Портрет Фожера по-прежнему стоял на полке. Его живые глаза, казалось, иронически наблюдали за происходящим из-под припухших век.

– А зачем меня вызывают? – сказала Ева. – Может, они что-то нашли… Не знаю, что и думать.

– Что нашли? Судебный медик написал отчет… страховая компания произвела свое расследование… эксперты засвидетельствовали несчастный случай… Где еще можно найти что-нибудь подозрительное?

Лепра силился побороть захлестывающую его панику, но понимал, что все эти доводы неубедительны.

– Предположим, – сказала Ева, – что они получили письмо, в котором Морис объясняет, что мы замышляем его убить.

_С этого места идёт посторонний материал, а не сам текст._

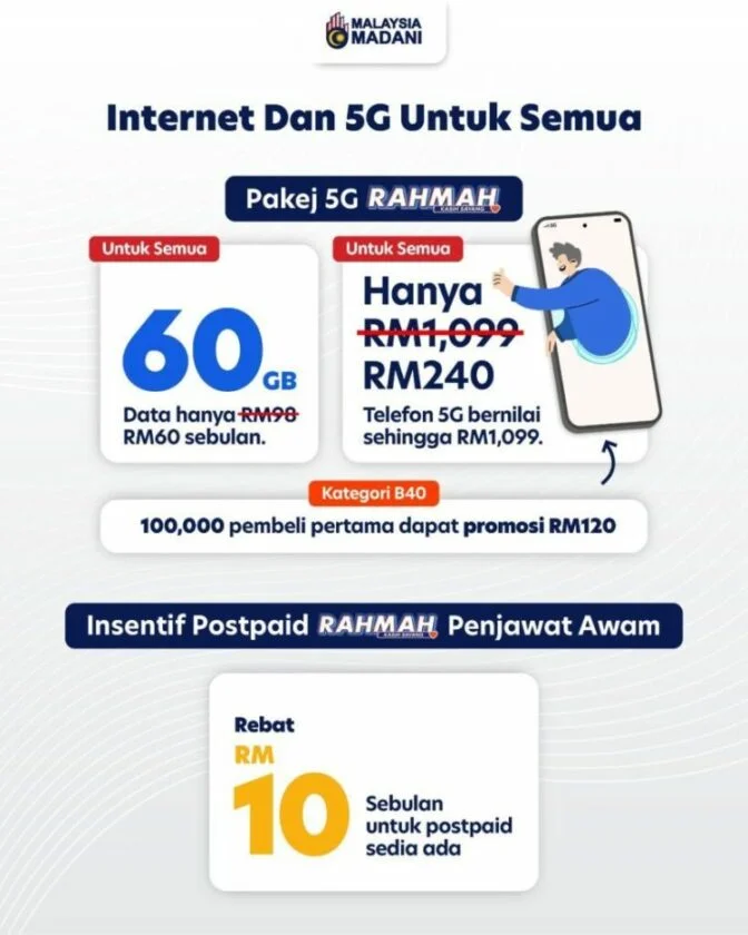 TERKINI: Pakej 5G RAHMAH Bermula 31 0gos 2023 ! (Bantuan Data Internet 60GB & Telefon Pintar Serendah RM240)

И просит, в случае если он погибнет трагически, неожиданно, внимательно изучить обстоятельства смерти… По-твоему, они будут сидеть сложа руки?

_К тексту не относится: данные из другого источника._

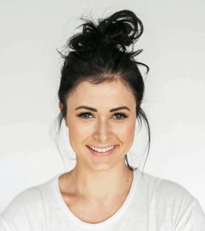 A close-up view of a car's alloy wheel, prominently featuring the BMW logo. The wheel is modern and sporty with multiple spokes and a visible blue brake caliper. The background consists of a lush green hedge, and the car is parked on a wet, textured surface.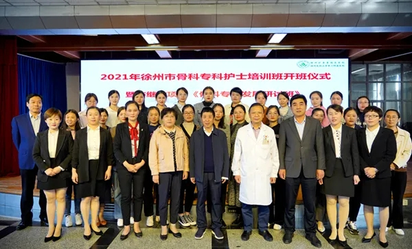 10月12日下午,徐矿总医院骨科专科护士培训班开班仪式暨徐州市继续教育骨科专科发展研讨班在六楼多功能会议室隆重举行。徐州市卫健委医政处处长孙劲松、徐州市护理学会理事长夏静、徐矿总医院院长荣良群、副院长魏学杰、护理部主任宋红、骨科主任朱自强、各科护士长、部分授课老师和来自徐州市县各级医院的23名学员参加开班仪式。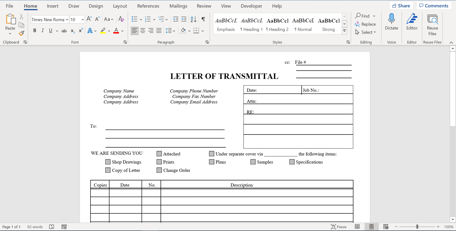 Letter of Transmittal Template (Word Template)

– Они подумают, что кто-то неудачно пошутил.

– Может быть. Но все-таки наведут справки. Проверят, действительно ли это почерк моего мужа. И если он сам нас обвиняет… можешь себе представить, как сильно прозвучит это обвинение!



– Они ничего не найдут, там нечего искать!

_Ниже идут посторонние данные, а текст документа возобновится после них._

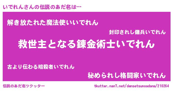 | 男性向けラノベタイトル風あだ名 | 『Re:いでれんから始める異世界生活』 |

– А газеты? Вообрази на минутку заголовок: «Был ли убит Морис Фожер?»

Он схватился за голову, потом вскочил.

– Я иду.

– Куда?

– К комиссару. Лучше с этим быстрее покончить. Сейчас четыре. В пять мы от этого избавимся. Пусть арестует меня, если захочет. Лучше так, в конце концов.

– Ты что, во всем признаешься?

Ева взяла сумку, перчатки, сложила письмо, остановилась, взволнованная отчаянием, прозвучавшим в этих словах.

– А что бы ты сделала на моем месте?

– Я бы отрицала все… не колеблясь. Пойми, никаких доказательств нет! Под нас не подкопаешься.

– Под тебя, может быть. А я…

Лепра машинально облокотился на камин и, вспомнив, как он сделал то же движение там, на вилле, залился краской. Повторилась та же сцена. Она, впрочем, повторялась изо дня в день, с тех пор, как они жили в ожидании пластинок. Ему казалось, что он изо дня в день убивает Фожера. Он развел руками.

– Как хочешь.

– Я тебя разочаровала?

– Нет-нет.

– Не нет, а да. Это видно. Ну что ж, мне очень жаль, но я устала от этой игры, от загнанности. Зря я уступила тебе и не позвонила в полицию сразу. Я не создана для лжи, а лгать нам приходится каждую минуту, как настоящим преступникам… Мы дошли до этого потому, что лгали с самого начала.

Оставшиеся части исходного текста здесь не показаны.